■ How to complete this task ■
Among the entries below, take the line with "139RUTH BERNHARD( 1" and the line with "This card is", and output them and every line between them exactly, with nothing else.

■ Entries supplied ■

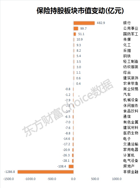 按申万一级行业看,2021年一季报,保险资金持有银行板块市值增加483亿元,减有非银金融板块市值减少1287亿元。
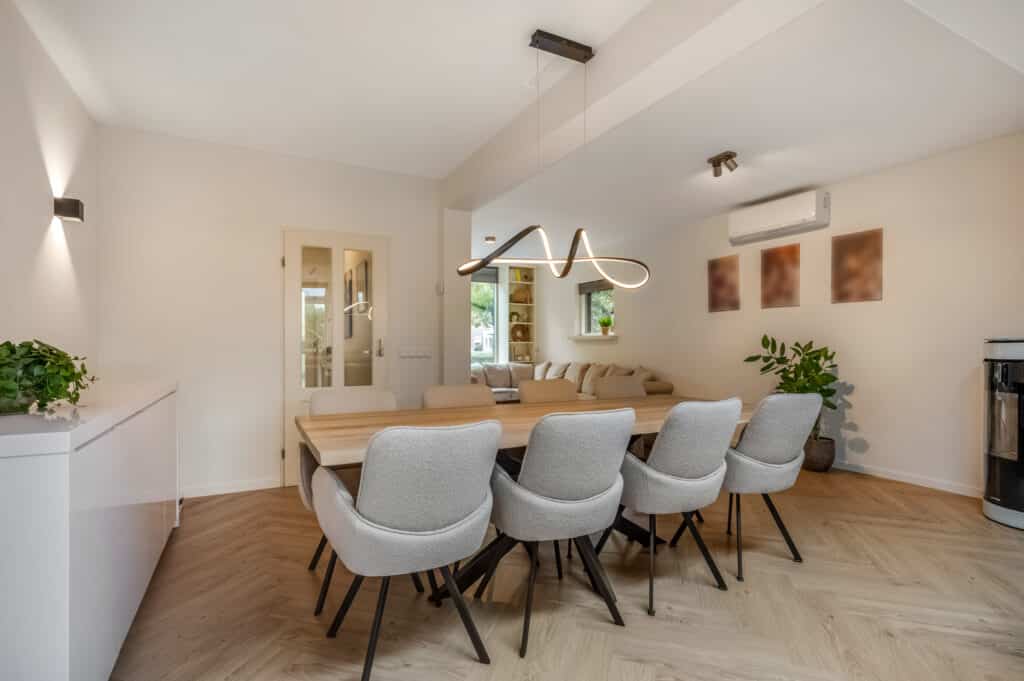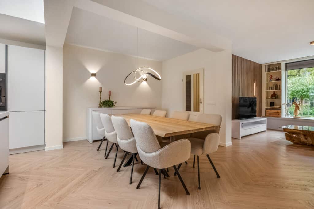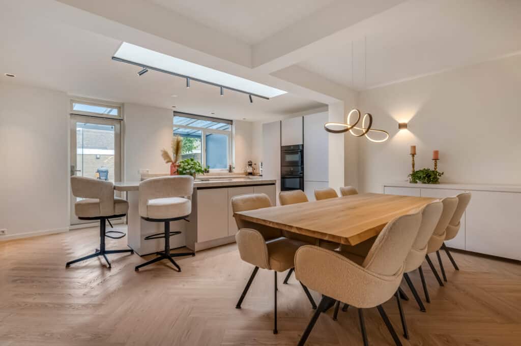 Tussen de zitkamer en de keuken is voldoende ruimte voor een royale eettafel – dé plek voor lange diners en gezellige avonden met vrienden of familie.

* * *

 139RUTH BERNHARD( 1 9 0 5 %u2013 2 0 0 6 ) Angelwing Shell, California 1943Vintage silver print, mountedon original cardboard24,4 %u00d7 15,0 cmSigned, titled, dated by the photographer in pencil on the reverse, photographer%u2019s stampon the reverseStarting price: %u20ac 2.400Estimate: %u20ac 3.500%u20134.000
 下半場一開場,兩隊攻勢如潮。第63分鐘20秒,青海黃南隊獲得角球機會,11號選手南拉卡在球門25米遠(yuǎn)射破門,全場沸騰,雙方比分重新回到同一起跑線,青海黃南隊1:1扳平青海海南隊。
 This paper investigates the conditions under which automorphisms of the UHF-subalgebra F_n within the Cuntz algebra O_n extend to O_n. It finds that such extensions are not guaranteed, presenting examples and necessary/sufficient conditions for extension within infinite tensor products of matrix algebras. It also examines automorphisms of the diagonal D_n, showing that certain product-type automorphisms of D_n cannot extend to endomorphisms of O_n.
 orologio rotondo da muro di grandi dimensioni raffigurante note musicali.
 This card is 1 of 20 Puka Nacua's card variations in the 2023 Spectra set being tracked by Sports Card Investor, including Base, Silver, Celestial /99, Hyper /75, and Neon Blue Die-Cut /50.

---

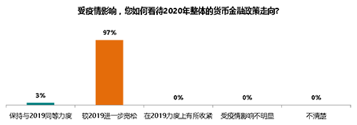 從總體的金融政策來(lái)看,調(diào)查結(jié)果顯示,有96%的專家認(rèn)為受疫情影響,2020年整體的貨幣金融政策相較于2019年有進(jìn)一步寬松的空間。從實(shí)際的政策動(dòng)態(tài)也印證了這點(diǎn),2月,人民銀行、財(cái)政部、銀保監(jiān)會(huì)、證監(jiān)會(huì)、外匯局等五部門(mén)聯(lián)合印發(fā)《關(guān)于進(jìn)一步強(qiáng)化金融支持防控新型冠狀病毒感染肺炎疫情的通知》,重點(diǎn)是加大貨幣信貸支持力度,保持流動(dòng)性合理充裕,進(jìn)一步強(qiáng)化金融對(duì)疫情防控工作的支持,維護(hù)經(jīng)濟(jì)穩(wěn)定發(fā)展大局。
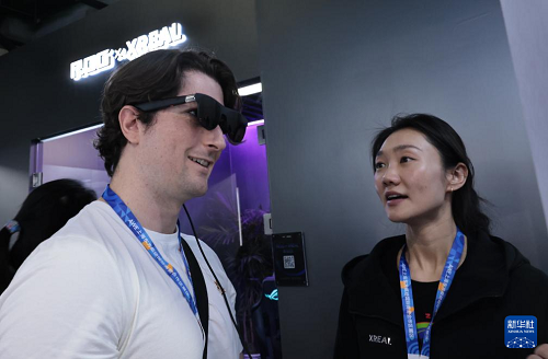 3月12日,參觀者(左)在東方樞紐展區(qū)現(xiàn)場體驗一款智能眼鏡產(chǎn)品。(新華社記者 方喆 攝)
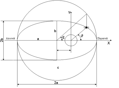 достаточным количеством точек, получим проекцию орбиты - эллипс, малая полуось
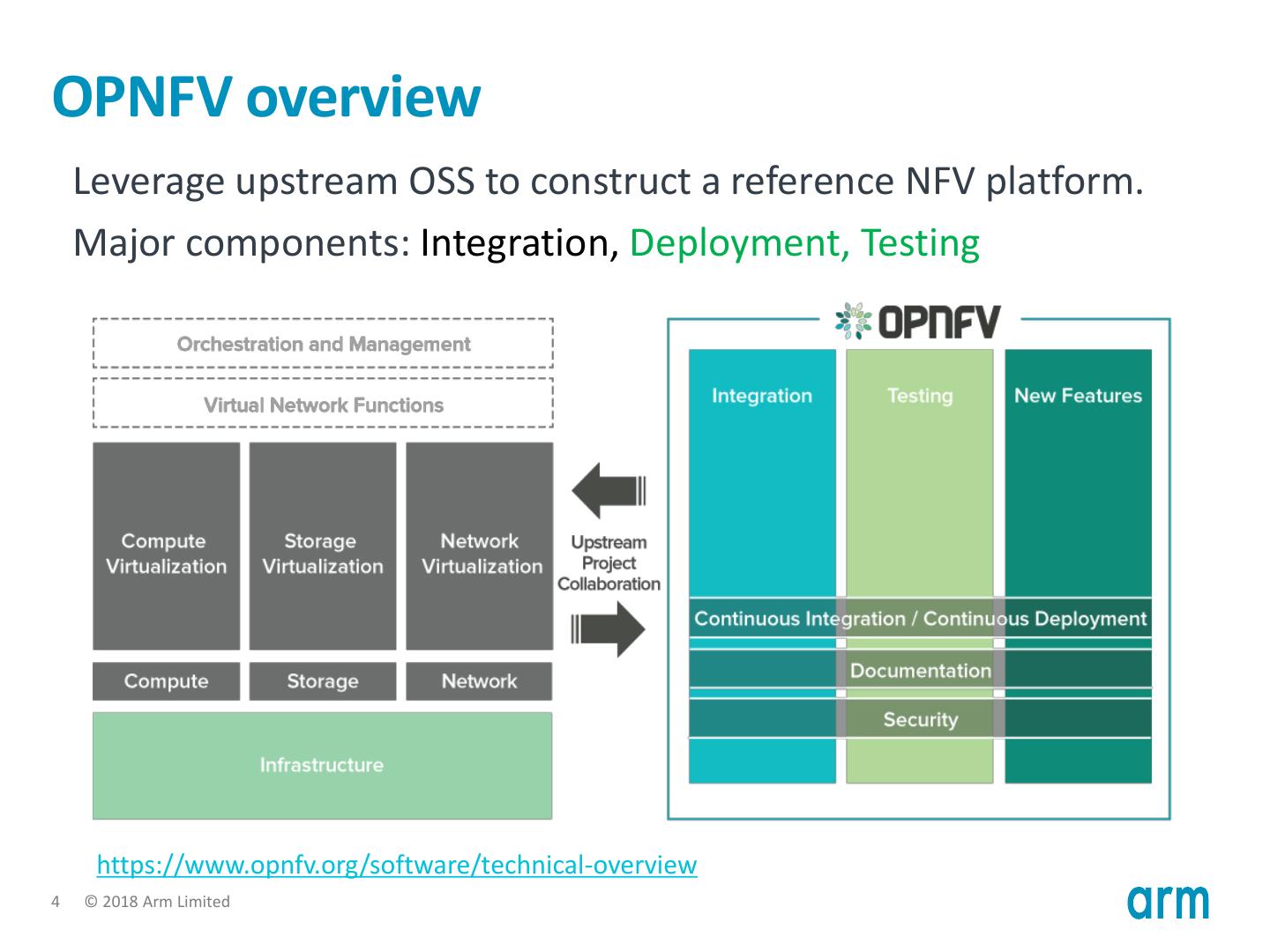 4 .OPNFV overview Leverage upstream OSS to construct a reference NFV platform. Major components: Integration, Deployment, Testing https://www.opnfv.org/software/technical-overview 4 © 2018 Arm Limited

■ Solution to the problem ■
 139RUTH BERNHARD( 1 9 0 5 %u2013 2 0 0 6 ) Angelwing Shell, California 1943Vintage silver print, mountedon original cardboard24,4 %u00d7 15,0 cmSigned, titled, dated by the photographer in pencil on the reverse, photographer%u2019s stampon the reverseStarting price: %u20ac 2.400Estimate: %u20ac 3.500%u20134.000
 下半場一開場,兩隊攻勢如潮。第63分鐘20秒,青海黃南隊獲得角球機會,11號選手南拉卡在球門25米遠(yuǎn)射破門,全場沸騰,雙方比分重新回到同一起跑線,青海黃南隊1:1扳平青海海南隊。
 This paper investigates the conditions under which automorphisms of the UHF-subalgebra F_n within the Cuntz algebra O_n extend to O_n. It finds that such extensions are not guaranteed, presenting examples and necessary/sufficient conditions for extension within infinite tensor products of matrix algebras. It also examines automorphisms of the diagonal D_n, showing that certain product-type automorphisms of D_n cannot extend to endomorphisms of O_n.
 orologio rotondo da muro di grandi dimensioni raffigurante note musicali.
 This card is 1 of 20 Puka Nacua's card variations in the 2023 Spectra set being tracked by Sports Card Investor, including Base, Silver, Celestial /99, Hyper /75, and Neon Blue Die-Cut /50.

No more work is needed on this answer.